在1990年代***使用的綠色熒光蛋白（從水母維多利亞水母克隆）及其衍生物（例如藻紅藍蛋白、藻膽蛋白和藻紅蛋白等）是當(dāng)今生物學(xué)研究中**常用的一些生物熒光團。雖然熒光團可用于在細胞、細菌和各種***中表達質(zhì)粒，但它們的使用有一些缺點，即它可能很耗時，并且在融合時還能夠改變某些細胞蛋白的正常生物學(xué)功能。此外，與許多其他熒光團相比，生物熒光團的光穩(wěn)定性和靈敏度較低。綠色熒光蛋白(GFP)綠色熒光蛋白是當(dāng)下流行的生物熒光團之一，由238個氨基酸組成，其中三個負責(zé)發(fā)出可見綠色熒光的結(jié)構(gòu)。在水母本身中，熒光團與水母發(fā)光蛋白（一種蛋白質(zhì)）相互作用，當(dāng)添加鈣時會發(fā)出藍光。通過DNA重組，研究人員可以使用負責(zé)產(chǎn)生蛋白質(zhì)的基因來研究給定的基因和蛋白質(zhì)。在這里，在將復(fù)合物插入細胞之前，該基因與另一個基因（負責(zé)產(chǎn)生所需蛋白質(zhì)的第二個基因）結(jié)合。如果細胞產(chǎn)生綠色熒光，研究人員就可以明顯看出該細胞能夠表達目標(biāo)基因。GFP由488nm激光線激發(fā)，可在510nm處檢測。來自熒光團的微弱信號可以使用抗GFP抗體放大。作為生物標(biāo)記物，綠色熒光蛋白用于以下功能：監(jiān)測各種生理過程*識別蛋白質(zhì)定位*檢測轉(zhuǎn)基因表達熒光素的衍生物包括異硫氰酸熒光素、俄勒岡綠和羧基萘并熒光素等。納米熒光染料Fluor 647

溫度高溫可能會導(dǎo)致熒光染料的穩(wěn)定性下降。例如，在55℃條件下放置5d后，分散熒光染料色漿的粒徑有所增加1。對于殼聚糖衍生物，雖然染料的取代對其熱穩(wěn)定性影響較小，但特征分解溫度仍會因染料的不同而有幾度的變化（小于10°C）2。光照紫外光對熒光染料的破壞較大。半花菁熒光染料反式-4-[對-(N,N-二乙醇胺)苯乙烯基]-N-乙基吡啶溴化鹽（DHEASPBr-C2）在紫外光下更容易受到破壞，兩種染料均不同程度地產(chǎn)生一些光降解產(chǎn)物35。量子點作為穩(wěn)定的熒光標(biāo)記，與其他有機染料（尼羅紅和DiI）相比，在連續(xù)激光照射下具有更高的穩(wěn)定性10。四、納米材料封裝納米材料封裝在熒光染料周圍可以提供保護層，從而提高熒光染料的穩(wěn)定性。例如，用二氧化硅納米粒子封裝1,1'-diOctadeCyl-3,3,3',3'-tetramethylindocarbocyanine（DIL）合成的納米顆粒（SIDIL），在200W的鹵素?zé)粝螺椛?0分鐘后，與裸稀染料相比，吸光度強度更穩(wěn)定，表明Si納米顆粒包封改善了光穩(wěn)定性性能7。安徽熒光染料脂質(zhì)D-熒光素鉀鹽南京星葉生物科技有限公司。

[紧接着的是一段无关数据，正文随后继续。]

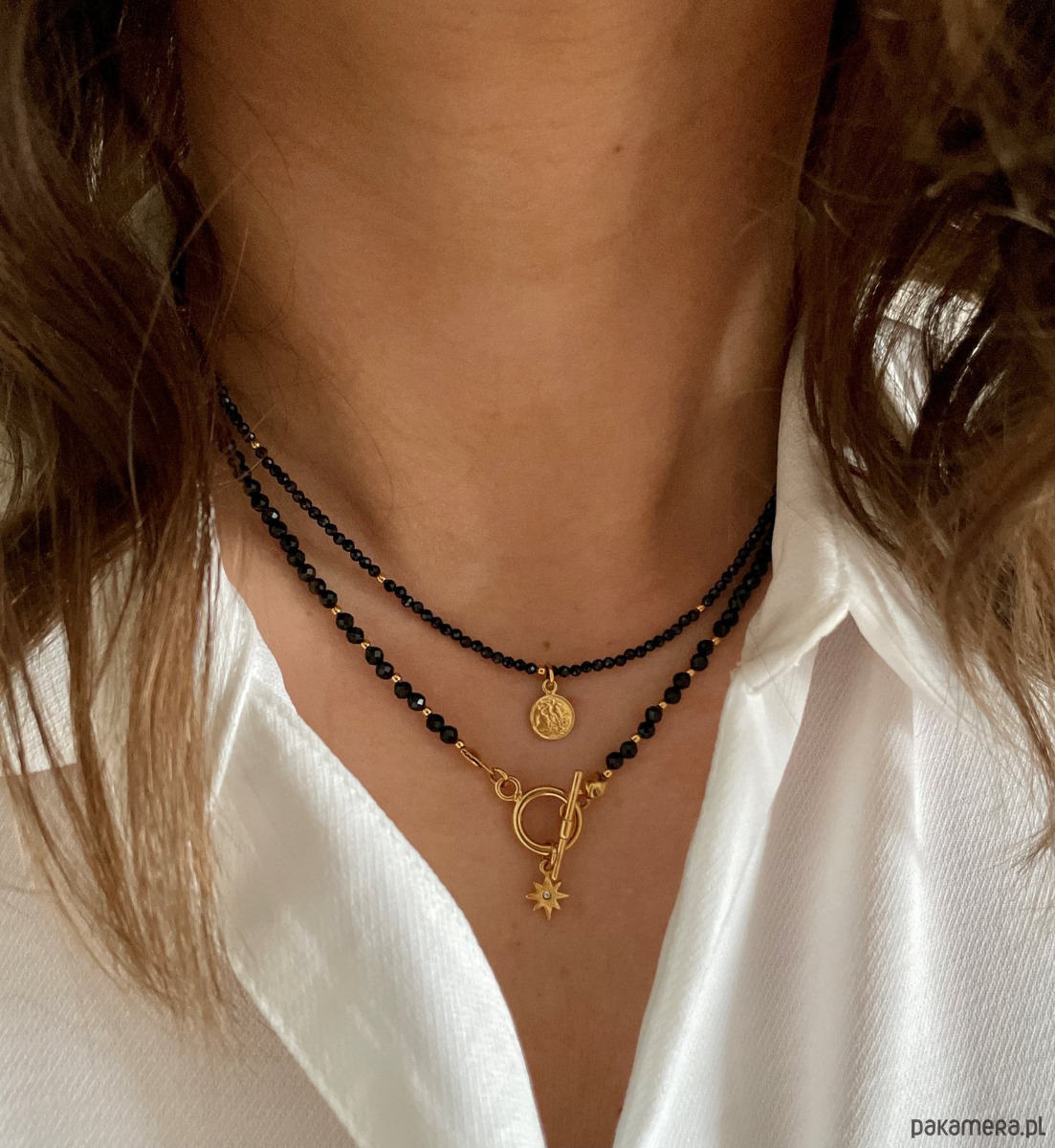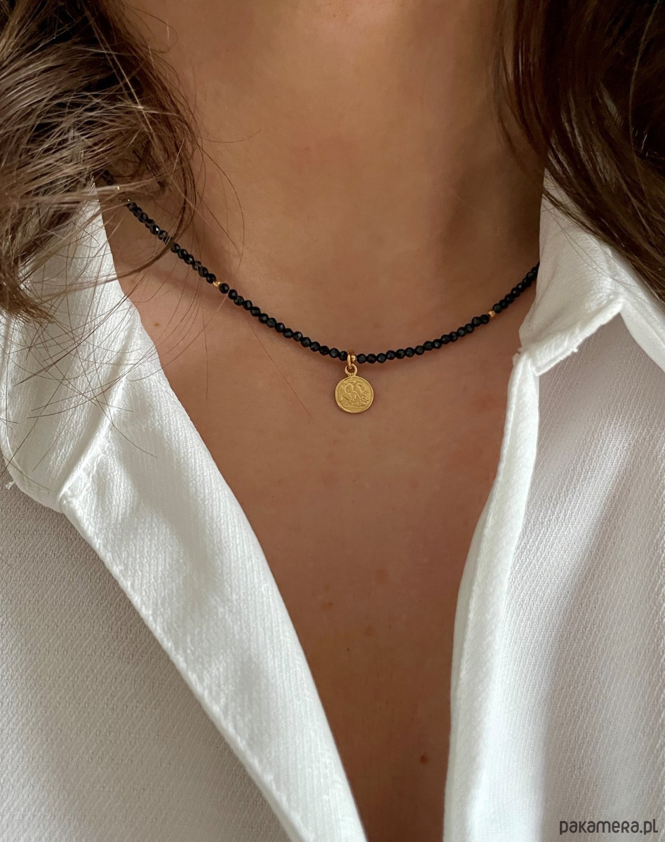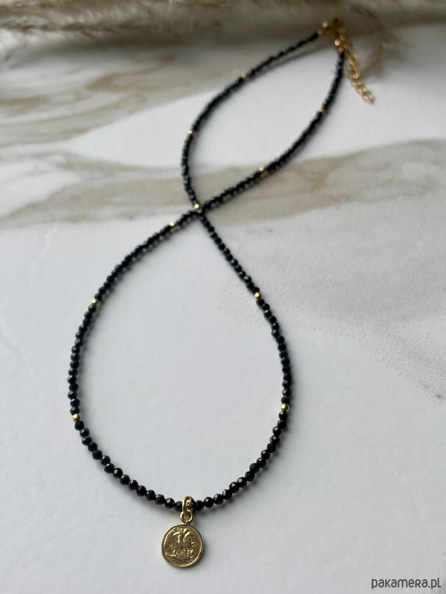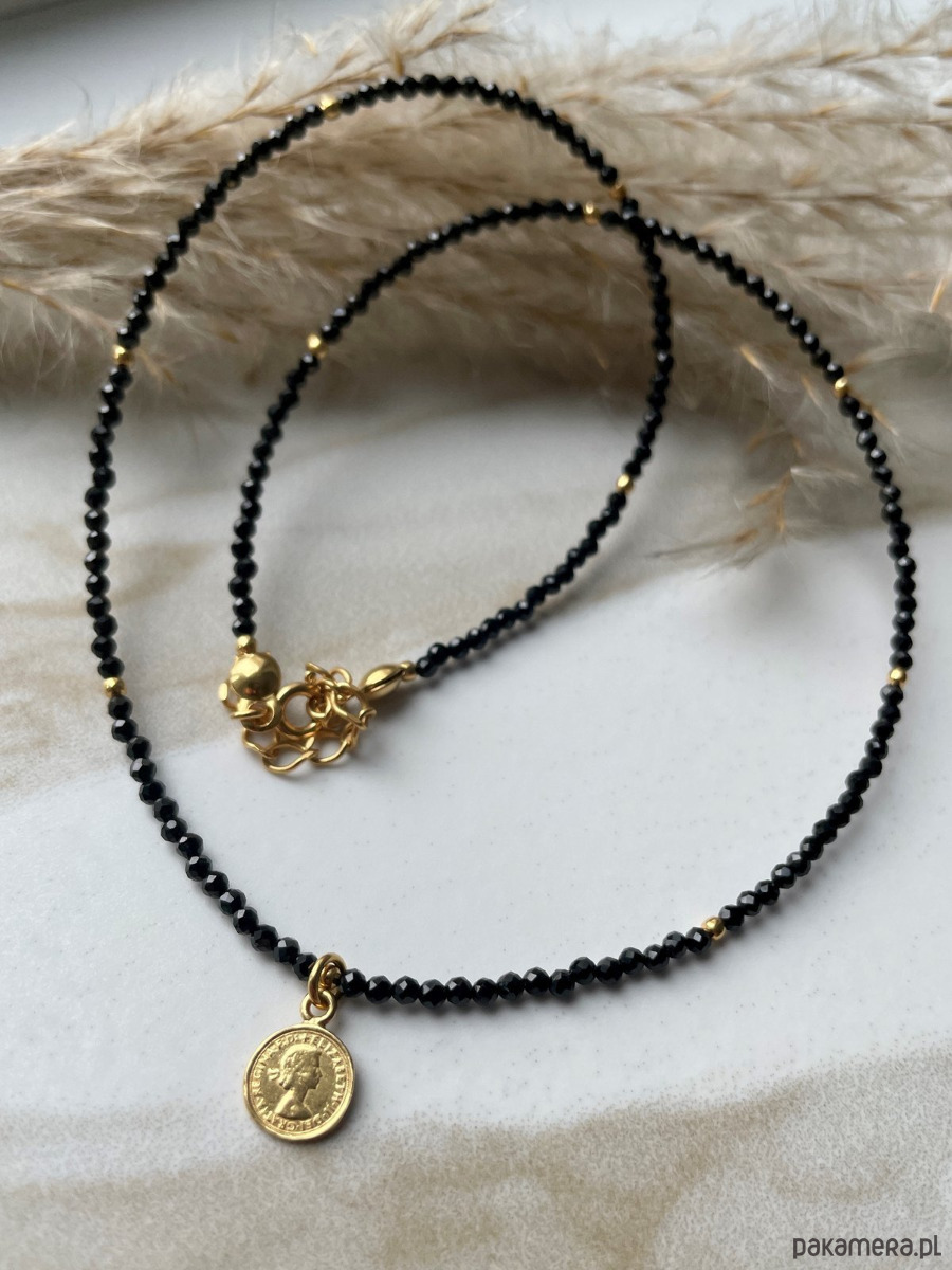 Piękny, klasyczny naszyjnik własnoręcznie wykonany poprzez połączenie głęboko czarnych spineli z pozłacanymi elementami ze srebra próby 925. Jest to jedno z najbardziej klasycznych połączeń, dzięki czemu naszyjnik moża ubierać na wiele różnych okazji i nigdy się nie znudzi. Posiada od klasyczne zapięcie z tyłu, z dodatkiem 3 cm przedłużki, aby móc idealnie dopasowac naszyjnik do swoich potrzeb. Jest to biżuteria, którą każdy powinien mieć w swoim posiadaniu! Naszyjnik ten bardzo łatwo połączyć można z inną biżuterią, przez co możemy nosić go na wiele różnych sposobów.

第二種***使用的DNA染色方法是Hoechst染料，**初由化學(xué)公司HoechstAG生產(chǎn)。Hoechst33258、Hoechst33342和Hoechst34580都是鄰苯二甲酰亞胺，具有向A-T富集區(qū)插入的趨勢，因此后者不常使用。與DAPI相似，此類染料受到紫外線激發(fā)并在455nm下發(fā)射比較大值，在無結(jié)合狀態(tài)下變?yōu)?10–540nm。Hoechst染料還具有細胞滲透作用，因此可用于固定細胞和活細胞。與DAPI不同是，Hoechst染料毒性更低。DNA染色劑碘化丙啶無法透過細胞膜。在細胞培養(yǎng)中，因為該染色劑無法進入完好的細胞內(nèi)，所以常常被用來區(qū)分活細胞和死細胞。碘化丙啶也是一種結(jié)合劑，但對不同的堿基沒有特異性。在核酸結(jié)合態(tài)下，其比較大激發(fā)波長為538nm，比較高發(fā)射波長為617nm。未結(jié)合狀態(tài)下碘化丙啶的比較大激發(fā)和發(fā)射被移到較短的波長和較弱的強度。它也可以在不改變其熒光特性的情況下與RNA結(jié)合。要區(qū)分DNA和RNA，必須使用足夠的聚合酶。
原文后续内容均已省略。